Categories:

«Как-то за чаем, в том же пансионе, разговорились

о «путях» советской литературы. Мало зная Сейфуллину, я все же – очень мягко (ибо я «тихий и воспитанный») – хотел высказать свою мысль, что все-таки, несмотря на таланты многих, подлинной, настоящей литературы в советской литературе маловато. Сейфуллина слушала меня с недовольным, насупленным лицом, и это заставляло меня в моих формулировках быть еще мягче. Но вдруг она не выдержала и раздраженно перебила: «Так что же вы думаете, что мы не понимаем, что мы только навоз для какой-то будущей литературы? (так и сказала «навоз». – Р. Г.) Что же вы думаете, мы этого не понимаем?» Признаюсь, я был поражен и резкостью, и определенностью ее фразы. И увидел воочию, что живущая «там» Сейфуллина ощущает это гораздо острее и, конечно, больнее, чем люди, живущие вдали.

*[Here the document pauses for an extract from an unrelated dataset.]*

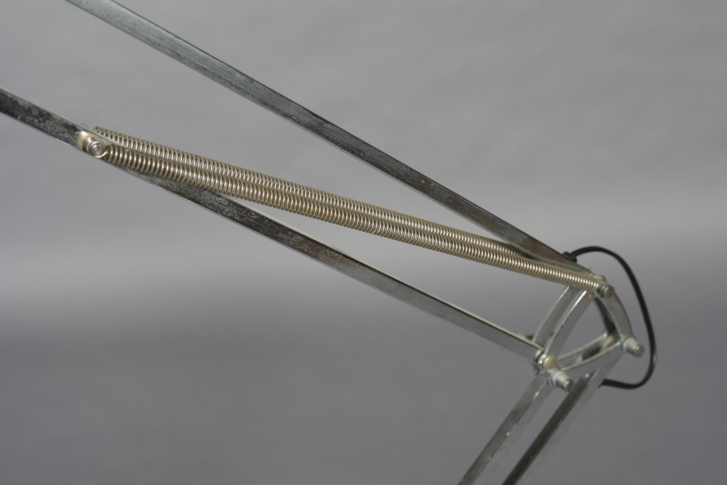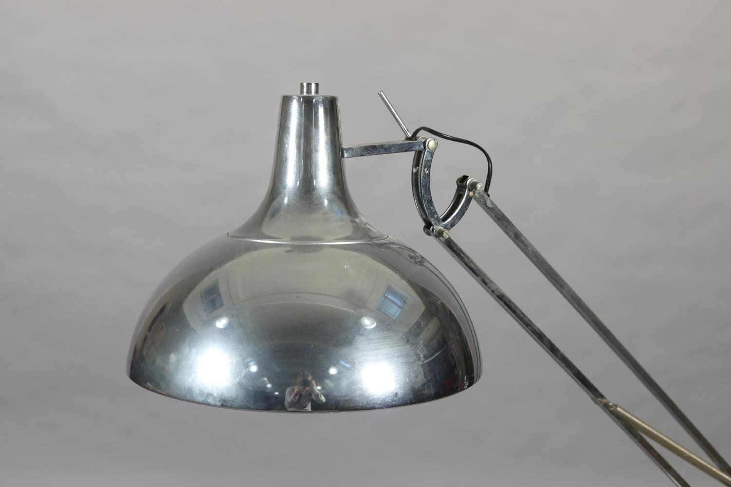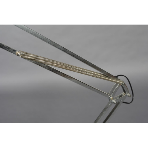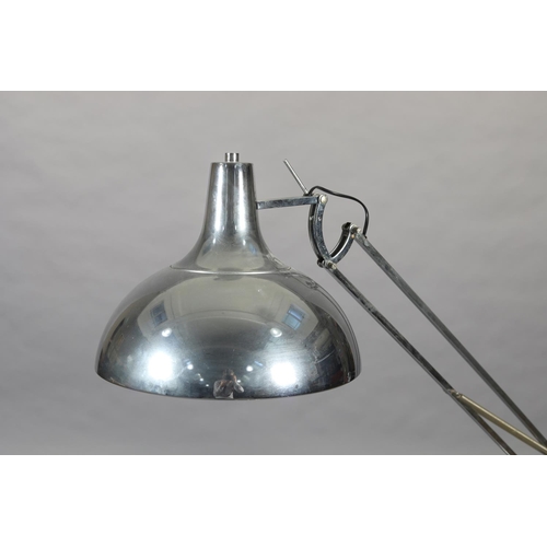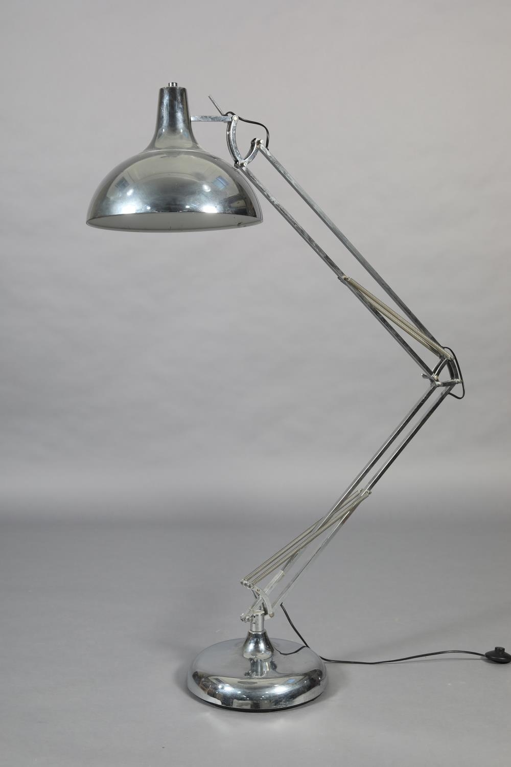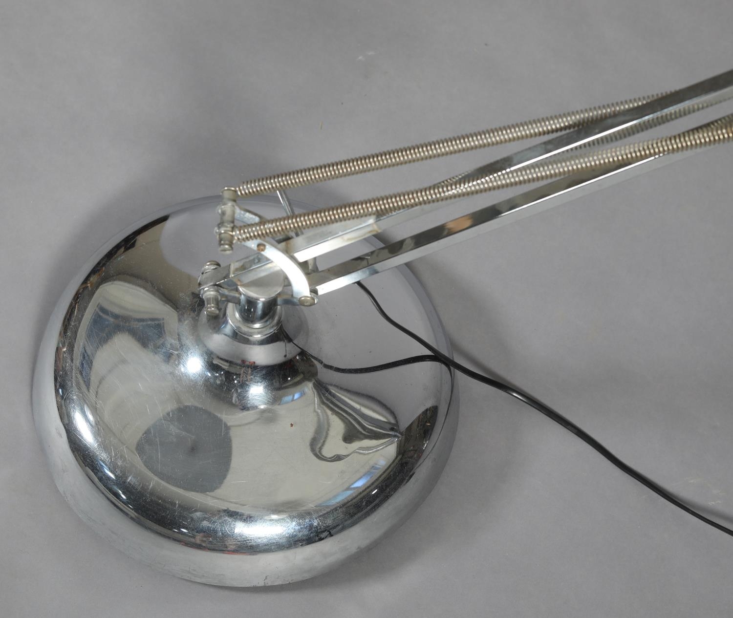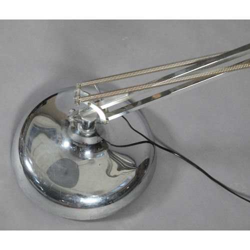 A chrome standing anglepoise lamp on circular domed base, with arm at maximum extension 173cm high

Преждевременный склероз всей так называемой «классической советской» литературы – явление давно очевидное. Она – «неперечитываема»: все эти «Цементы», «Братья», «Хлеба», «Как закалялась сталь», «Разгромы», «Русские леса», «Железные потоки» и прочее. Это же постигло и «Виринею». В своем предсказании судьбы советской литературы как «навоза» Сейфуллина была права. Лидия Николаевна Сейфуллина умерла в Москве в 1954 году, шестидесяти пяти лет от роду. В нормальное (не революционное) время, думаю, она могла стать интересным писателем.

[...]

там же Федин рассказал, как однажды на какой-то литературной пирушке подрались Никитин и Есенин. Из-за чего уж не помню, из-за какой-то литературной ерунды, да еще с пьяных глаз. «В драке оба упали на пол, катались по полу, как бешеные, – говорил Федин, – и Есенин укусил Кольку в руку, в бицепс, да так, что не только руку поранил, а пиджак прогрыз... вот это зубки!., крепкие!., мужицкие!..» – «Ну, а потом помирились?» – «Через какое-то время помирились... только у Кольки долго рука болела...» Никитин, улыбаясь, все это подтвердил.

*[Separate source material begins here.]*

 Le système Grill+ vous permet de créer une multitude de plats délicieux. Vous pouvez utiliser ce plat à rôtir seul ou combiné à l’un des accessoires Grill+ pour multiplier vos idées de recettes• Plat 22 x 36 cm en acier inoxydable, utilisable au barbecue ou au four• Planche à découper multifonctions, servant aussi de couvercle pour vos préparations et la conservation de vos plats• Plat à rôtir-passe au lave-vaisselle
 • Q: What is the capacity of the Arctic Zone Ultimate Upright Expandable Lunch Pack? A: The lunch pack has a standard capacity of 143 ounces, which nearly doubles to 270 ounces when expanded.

Помню, я подумал: мыслимо ли было бы себе представить, скажем, Вячеслава Иванова и Гершензона дерущимися и катающимися по полу, прогрызая друг другу пиджаки? О снижении культуры (с некой странной бравадой!) писал тогда где-то Пильняк, что теперешние, мол, советские писатели – «пишут лаптем». Это как у Василия Каменского: «ядреный лапоть пошел шататься по городам!». В зарубежьи Марк Алданов в «Ульмской ночи» говорит: «советская литература элементарна до отвращения». Элементарность – это и был «лапоть».